Before making any change, verify that the existing tests pass.

cd api
pytest

To run a focused subset (faster):

pytest tests/i18n/ tests/agents/ -v

Expected output: all tests pass. If any fail, check the Testing Guide for the fixture setup requirements (SQLite in-memory DB, GOOGLE_API_KEY dummy value).


Tutorial 2 — Add or Update a Translation

All user-facing strings live in api/i18n/ as YAML files. No Python changes are needed.

2a — Add a context question

Context questions are in api/i18n/context_questions/<LANG>.yaml. Each file has a teenager and a parent section.

Example — adding a new question to FR.yaml:

# api/i18n/context_questions/FR.yaml
teenager:
  # … existing questions …
  platform:                          # new question key
    question: Sur quelle plateforme cela s'est-il passé ?
    dropdown_options:
      - value: instagram
        label: 📸 Instagram
      - value: tiktok
        label: 🎵 TikTok
      - value: other
        label: ❓ Autre
parent:
  platform:
    question: Sur quelle plateforme l'incident a-t-il eu lieu ?
    dropdown_options:
      - value: instagram
        label: 📸 Instagram
      - value: tiktok
        label: 🎵 TikTok
      - value: other
        label: ❓ Autre

Repeat the same key in every language file (EN.yaml, ES.yaml, IT.yaml, DE.yaml, PT.yaml). The i18n manager will fall back to French if a translation is missing, but a complete set is expected.

Verify with:

cd api && pytest tests/i18n/ -v

2b — Update a system prompt

System prompts live in api/i18n/prompts/<LANG>/ as YAML files named after the node (e.g., give_advice.yaml). Edit the relevant file directly — no Python restart is needed in development because prompts are reloaded from disk on each invocation (the two-layer cache is warm but the underlying files are always consulted for cold starts after a restart).

2c — Add a new language

  1. Create api/i18n/context_questions/XX.yaml (copy FR.yaml as a template).
  2. Create api/i18n/ui_messages/XX.yaml.
  3. Create api/i18n/prompts/XX/ and add one YAML file per node (copy and translate the FR versions).
  4. Create api/i18n/prompt_snippets/XX.yaml.
  5. Create api/i18n/tools/XX.yaml.
  6. Add "XX" to I18nSettings.supported_languages in api/config.py.
  7. Add the language to frontend/src/utils/i18n.ts.
  8. Run pytest tests/i18n/ — the placeholder and completeness tests will catch missing keys.

The api/i18n/autotranslate/ tooling can produce a first draft automatically from French using the Gemini translation model.


Tutorial 3 — Node Prompt Management

This tutorial covers the full lifecycle of a node’s prompt: understanding the manifest format, modifying an existing prompt, adding new injected content, and creating a brand-new node.
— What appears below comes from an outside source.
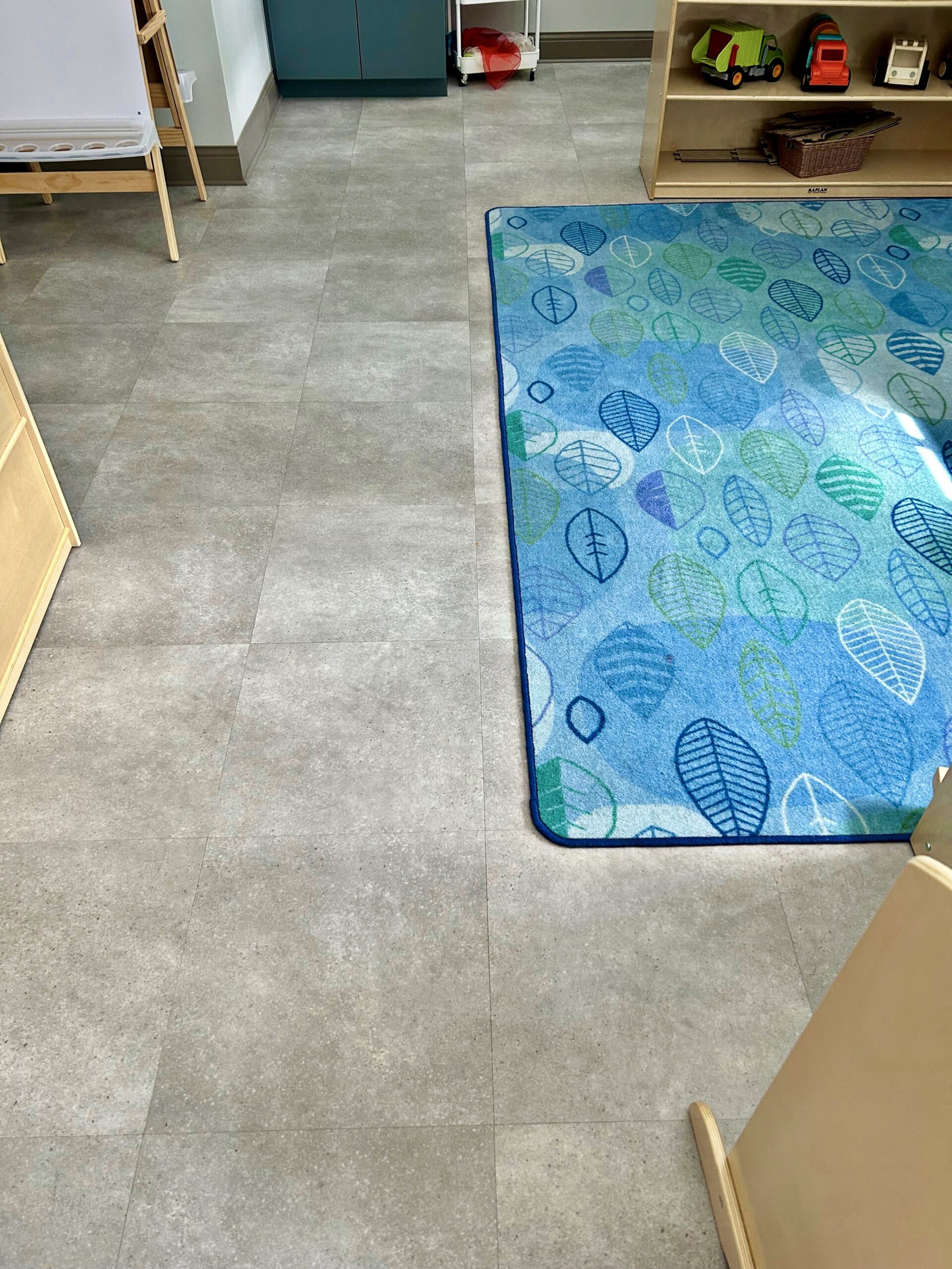 Garmon and Company played a pivotal role in executing this vision with precision and expertise. Starting as the substrate, all floor prep was achieved using Uzin floor patch. Understanding the material compatibility ensured seamless transitions between Marmoleum, Shaw LVT, and carpet tile, enhancing both durability and aesthetic appeal. Complementing the Marmoleum, the installation of Shaw Luxury Vinyl Tile (LVT) was strategically chosen to bring a subtle hint of stone terrazzo into the space, seamlessly integrating with the church’s classic and contemporary design elements. The Shaw carpet tile was also creatively selected not just for comfort and durability but for its ability to create a warm, inviting ambiance throughout the corridors and learning spaces. To achieve a cohesive and polished look, Johnsonite rubber base and quarter round were expertly installed to mimic wood, adding a sophisticated yet practical finishing touch. The meticulous installation of Johnsonite rubber base and quarter round further refined the project, mimicking wood for a sophisticated yet durable finish.

How NodeEnv compiles a prompt

When a node is invoked, it calls NodeEnv.compile(node_id, state). The compiler:

  1. Loads nodes/manifests/<node_id>.yaml.
  2. Resolves the user’s language and user_type from state.
  3. Iterates the system_prompt.parts list. Each entry is either:
    • A string (e.g., "identity", "role") — resolved from api/i18n/prompts/<LANG>/<node>.yaml.
    • A dict — a dynamic part that is only included if its condition evaluates to True against state, and whose content is either injected from state or loaded from a prompt snippet.
  4. Appends any active tools from the tools.catalog, filtered by their own optional condition.
  5. Wraps every piece in XML-style tags (<identity>…</identity>) for structural clarity.
  6. Binds the resulting SystemMessage to the LLM, attaching tools (bind_tools) or a structured output schema (with_structured_output).

Manifest format reference

# yaml-language-server: $schema=./node_manifest.schema.json
name: "my_node"                        # must match the node's key in graph.py

system_prompt:
  parts:
    # ── Static parts ──────────────────────────────────────────────────────
    # Each string is a key that must exist in api/i18n/prompts/<LANG>/my_node.yaml
    - identity
    - role

    # ── Dynamic injected parts ────────────────────────────────────────────
    - id: situational_context          # tag name in the compiled prompt
      condition: "state.get('context_complete', False)"
      inject: "state.context_data"    # dotted path into state
      formatter: dump_situation_context  # function name in Registry.get_formatter()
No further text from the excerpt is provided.